Setiap jenis sampah mempunyai waktu yang berbeda-beda untuk dapat terurai dalam tanah. Jenis sampah yang mempunyai waktu urai orde minggu-bulan seperti kertas (2-5 bulan), kulit buah (6 bulan), kardus (5 bulan), tisu (2-4 minggu), kotak susu (2 bulan), Koran (6 bulan).
Jenis sampah yang mempunyai waktu urai orde tahun-puluhan tahun seperti filter rokok, kantong plastik (10-12 tahun), kaus kaki (1-5 tahun), gelas plastik (50 tahun), benda kulit (25-40 tahun), kain nilon, jaring ikan (30-40 tahun), almunium foil (80-100 tahun).
Jenis sampah yang mempunyai waktu urai yang sangat lama seperti baterai (100 tahun), plastik (200-1000 tahun), botol kaca (1 juta tahun), popok, pembalut wanita (450 tahun), ban bekas (2000 tahun), tinta printer (450-1000 tahun), sedotan plastik (200 tahun), kaleng minuman (200 tahun). Ada pula sampah yang tidak terurai di tanah seperti stryrofoam.
Pengelolaan sampah
Tahapan dalam pengelolaan sampah dimulai dari pengumpulan, pengangkutan, dan pengolahan.
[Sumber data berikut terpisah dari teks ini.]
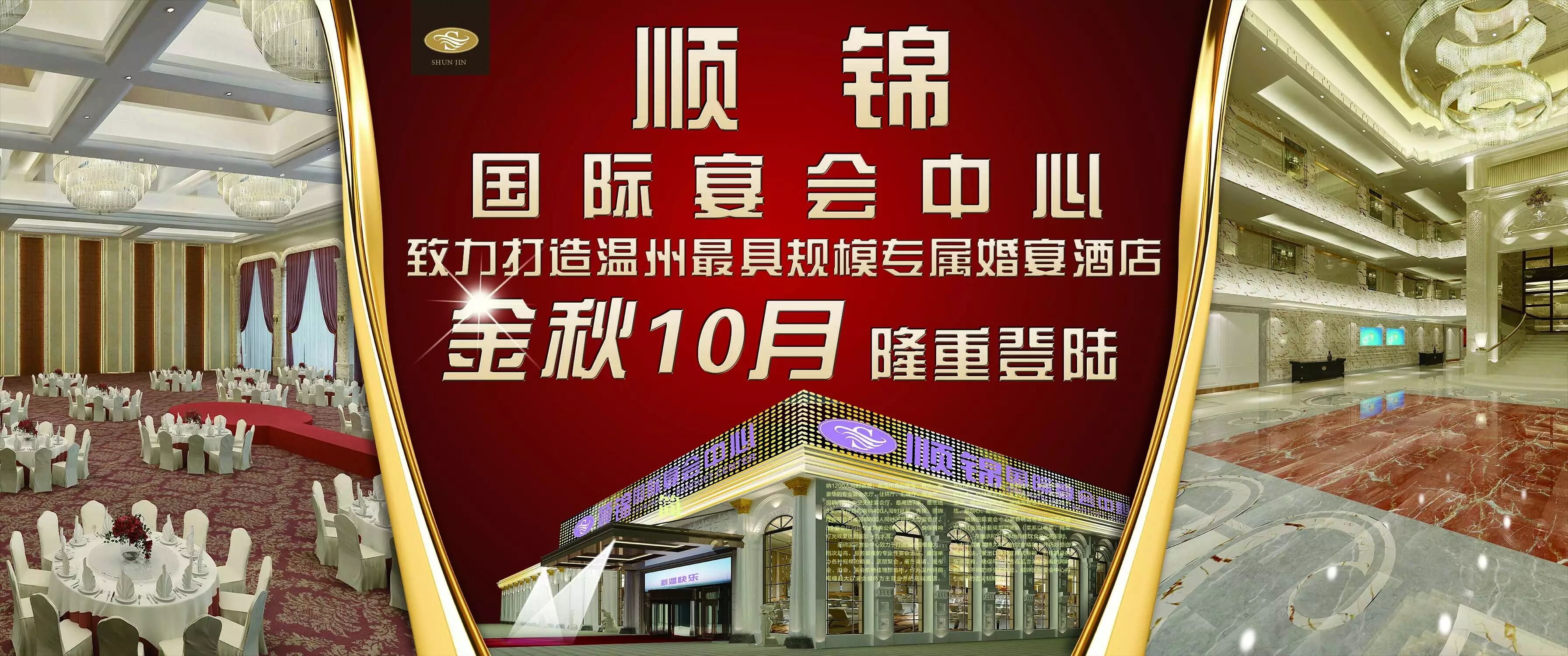 顺锦厅——温州目前最高最大最豪华的宴会厅高12米,面积2000余平方米,可容纳1200人同时就餐。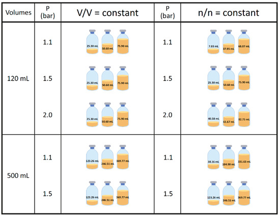 Quadruplicates of each volume and pressure variant were applied with an additional zero control to each experimental set for the 117 mL experiments. Due to logistic reasons, the experiments performed with the 570 mL flasks were performed in triplicates without zero controls. Inoculation was done in an anaerobic chamber (Coy Laboratory Products, Grass Lake, MI, USA) from a cultivated inoculum in defined media (Section 2.2). The residual CH4 was interchanged with a H2/CO2 (4:1 ratio, 99.995% purity (Air Liquide, Schwechat, Austria)) gas mixture twice per day with different pressure values adjusted to 1.1, 1.5, or 2 bar. The pressure is given as bar relative to atmospheric pressure throughout this study. The experimental conditions and settings are detailed in Figure 2 (and Table S1), which shows an overview of the gas phase pressure values and the volumetric (V/V) and molar (n/n) constant alternatives. For the experiments termed as V/V = const, the initial liquid volume was constant with varying pressure (1.1, 1.5, 2.0 bar) within the 117 mL (25.3, 50.6, 75.9 mL) and 570 mL (123.3, 246.5, and 369.8 mL) settings, respectively. Note that the volumetric ratios between the liquid and gaseous phase in the 117 mL and 570 mL bottles are the same for the V/V = const. setting. In contrast, for the n/n = const. settings, the aim was to have the same initial number of moles of the gas phase in three different pressure settings (treated as ideal gas at room temperature, 22 °C). These three settings were defined by the number of moles at 1.5 bar in the 117 mL bottles, at 25.3, 50.6, and 75.9 mL initial volumes. The different starting volumes of the experiments performed at different pressure values were then calculated according to the ideal gas law. For better readability, we refer in further text to the small, medium, and large volumes in the 117 mL or 570 mL bottles at the conditions V/V = const. or n/n = const. The experiments in the 117 mL setting were conducted twice at two different incubation intervals and total times.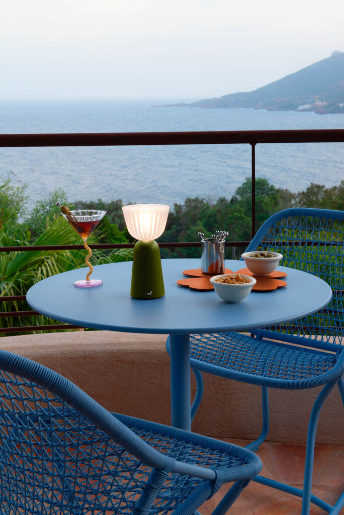 Dankzij het luchtige ontwerp past deze stoel perfect in een moderne tuin, op een terras of balkon. Combineer met de low table of bench uit dezelfde collectie voor een harmonieus geheel.

Dalam pengolahannya dapat dilakukan dengan prinsip 4R yaitu mengurangi, menggunakan kembali, mendaur ulang dan mengganti (reduce, reuse, recycle dan replace).
Upaya awal dalam pengelolaan sampah secara terpadu dengan pemilahan sampah yang dilakukan mulai dari sumber penghasil sampah.
Pengelolaan sampah dapat dimulai dari rumah kita masing-masing dengan memisahkan sampah sesuai jenisnya, melakukan zero waste, membuat pupuk organik, membersihkan tempat sampah setiap hari, melakukan daur ulang sampah anorganik.
Marilah kita memulai dari rumah kita sendiri untuk melakukan 4R terhadap sampah yang kita hasilkan. Mari kita selamatkan dunia dari tumpukan sampah.